NSG mice were conditioned with a split dose of 6-Gy radiation and observed for 48 hours. After conditioning for 24 hours, 8.2e6 γδ T cells were injected retro-orbitally. Twenty-four hours after T-cell injection, 100 µL PB and BM from both femurs and tibias were obtained from all mice. All cells from each condition were combined and stained for various T-cell markers for flow cytometry. Flow cytometry antibodies used in this experiment are denoted with an asterisk in Table 1. Flow cytometry was then performed, and results were analyzed on FlowJo software (v10).

2.11 Leukemia study

NSG mice were injected with 5e6 CMK-luciferase cells or 2e6 Nalm6-luciferase cells via the tail vein. Fifteen days post-inoculation, bioluminescent imaging was performed by injecting D-luciferin (PerkinElmer, Waltham, MA, USA) at a dose of 150 mg/kg via intraperitoneal injection 10 minutes prior to imaging. Images were then quantified using the IVIS Spectrum imaging system (PerkinElmer) for confirmation of cancer engraftment. On day 16, mice were then retro-orbitally injected with 1e6 γδ T cells. Twenty-four hours after the T-cell injection, the spleen and both femurs were harvested from mice. Cells were stained with markers for CMK, CD3⁻/CD33⁺ (BD Horizon), and Nalm6, CD19 (BD Horizon), as well as γδ T-cell markers. Flow cytometry was performed, and the results were analyzed on FlowJo software (v10).
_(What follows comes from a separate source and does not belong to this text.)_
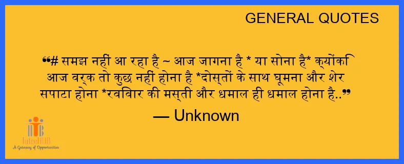 # समझ नहीं आ रहा है ~ आज जागना है * या सोना है* क्योंकि आज वर्क तो कुछ नहीं होना है *दोस्तों के साथ घूमना और शेर सपाटा होना *रविवार की मस्ती और धमाल ही धमाल होना है..
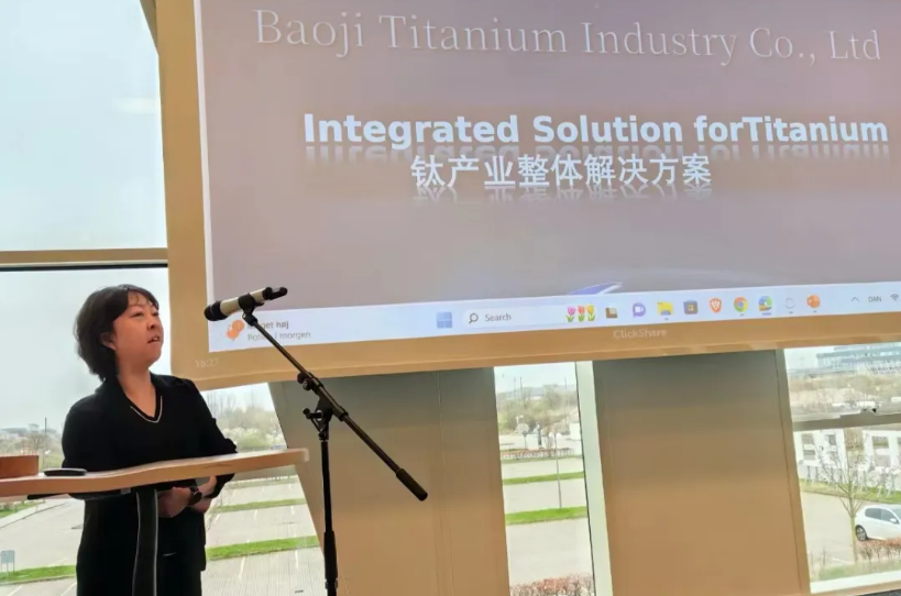 嚴平針對金鉬集團的企業(yè)情況及產品結構作了推介;寶鈦集團外貿部副部長孫毓蔚針對寶鈦在國際市場上的產品、市場表現(xiàn)及應用進行了推介。

2.12 Intraosseous MSC/γMSC study

MSCs were primed with 1 ng/mL IFNγ, and NSG mice were irradiated with 1.5-Gy total body irradiation (TBI) on the same day. Twenty-four hours later, 1.6e5 MSC or γMSCs were injected via intraosseous injection into the left femur of all mice. After 24 hours, 4e6 cells were injected retro-orbitally into all mice. Twenty-four hours post-γδ T-cell injection, femurs were harvested and stained for MSCs or γMSCs (CD90⁺/CD105⁺ both from BD Horizon) and γδ T cells. Flow cytometry was performed, and the results were analyzed on FlowJo software (v10).

2.13 Transwell migration

Polycarbonate 6.5-mm Transwell plates with a 3.0-µM pore (Corning Life Sciences) were used for transwell migration assays. In the lower chamber, 600 µL media and 500,000 γMSCs or non-primed MSCs were placed, and 500,000 γδ T cells were placed in the top chamber. Four hours after incubation, a Cellometer (Nexcelom, Lawrence, MA, USA) was used to count the number of γδ T cells that migrated to the bottom chamber. Then, the specific migration of cells to the bottom chamber was calculated using the equation below.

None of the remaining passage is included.